Data Processing Addendum
A plain-English summary of how ChangeThisFile processes data on your behalf — and how to execute a signed DPA.
The Short Version
For the contents of files you convert, you are the data controller and ChangeThisFile is a data processor. Files are processed solely to perform the conversion you requested, retained for minutes (at most 24 hours for async API jobs), never inspected outside the conversion path, and never used to train anything. For account, billing, and usage data, ChangeThisFile is the controller.

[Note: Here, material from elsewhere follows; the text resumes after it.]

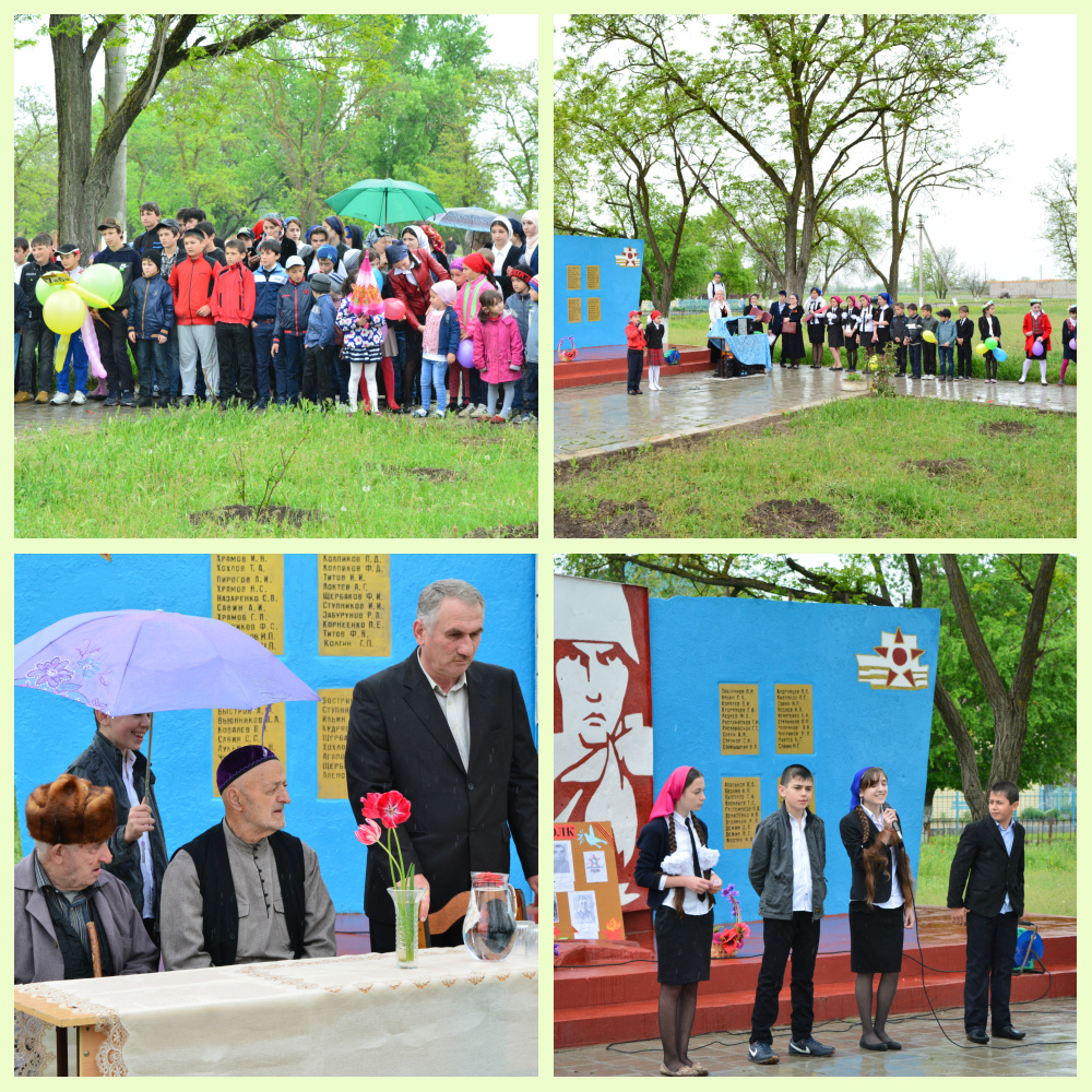 9 мая 2015г. у обелиска прошел митинг, во время которого учащиеся представили литературно-музыкальную композицию «Их подвиг вечен в памяти людской», подготовленное учителем русского языка и литературы Бачаевой З.Б.и учителем начальных классов Тисаевой Л.С.. Со словами поздравлений к присутствующим обратился Глава администрации села Яхиев С., директор школы Амирова П.Х., житель села Юсупов С. Звучали песни военных лет. Знаменитые «Смуглянка», «Катюша», «День Победы» и др. До глубины души тронуло всех присутствующих стихотворение Мусы Джалиля «Варварство» в исполнение ученицы 7 а класса Юсуповой Хавы. Несмотря на дождь никто из присутствующих не хотел уходить. Это мероприятие позволило учащимся еще раз вспомнить о героизме советских людей в годы Великой Отечественной войны соприкоснуться с их подвигом. Группа детей вместе с педагогом – организатором Умаевым К.А. приняли участие в районном шествии «Бессмертный полк» с портретами наших односельчан участников войны.

What We Process, Why, and for How Long
| Data | Purpose | Retention |
|---|---|---|
| File contents | Performing the conversion you request — nothing else | Synchronous conversions: input deleted immediately when the conversion finishes (success or failure); output deleted seconds after delivery. Async API jobs: deleted automatically from temporary storage within 24 hours. Client-side conversions are never transmitted to us at all. |
| Account data (email, hashed API keys, plan, usage counts) | Authentication, quotas, billing | While your account is active; deleted on request |
| Usage metadata (format pair, file size, duration, success/failure) | Analytics and capacity planning — never includes file contents | 12 months |
| Payment data | Handled by Stripe; we never store card details | Per Stripe's retention |
Subprocessors
| Subprocessor | Purpose | Location |
|---|---|---|
| Cloudflare, Inc. | CDN, edge compute, DNS, temporary async-job storage (R2) | Global edge network (US-headquartered) |
| Hetzner Online GmbH | Conversion server hosting | Germany (EU) |
| Stripe, Inc. | Payment processing | United States / EU entities |
| Maileroo | Transactional email delivery (sign-in links, receipts, account notices) | Email delivery network |
We notify customers with an executed DPA before adding or replacing subprocessors.
International Transfers
Server-side file processing takes place in Germany (EU). Where a subprocessor operates outside the EEA (Cloudflare, Stripe), transfers rely on the EU Standard Contractual Clauses and, where the provider is certified, the EU-US Data Privacy Framework.
Security Measures
Technical and organizational measures are described on our security page: TLS in transit, a sandboxed and resource-isolated conversion backend, code-enforced automatic file deletion, and no file-content analytics. That page serves as the plain-English equivalent of an Annex II measures description.
Data Subject Requests & Deletion
Because files are deleted automatically within minutes of conversion, there is normally nothing left to delete by the time a request could reach us. For deletion of account data, or to route a data-subject request you've received as a controller, email support@changethisfile.com — we respond to all requests and will confirm completion.
Executing a DPA
A signable Data Processing Addendum incorporating the EU Standard Contractual Clauses (Commission Implementing Decision (EU) 2021/914) is available for execution on request for API customers. Email support@changethisfile.com with your company name and entity details and we'll return a countersigned copy.
This page is a summary for review convenience — the executed DPA is the governing document.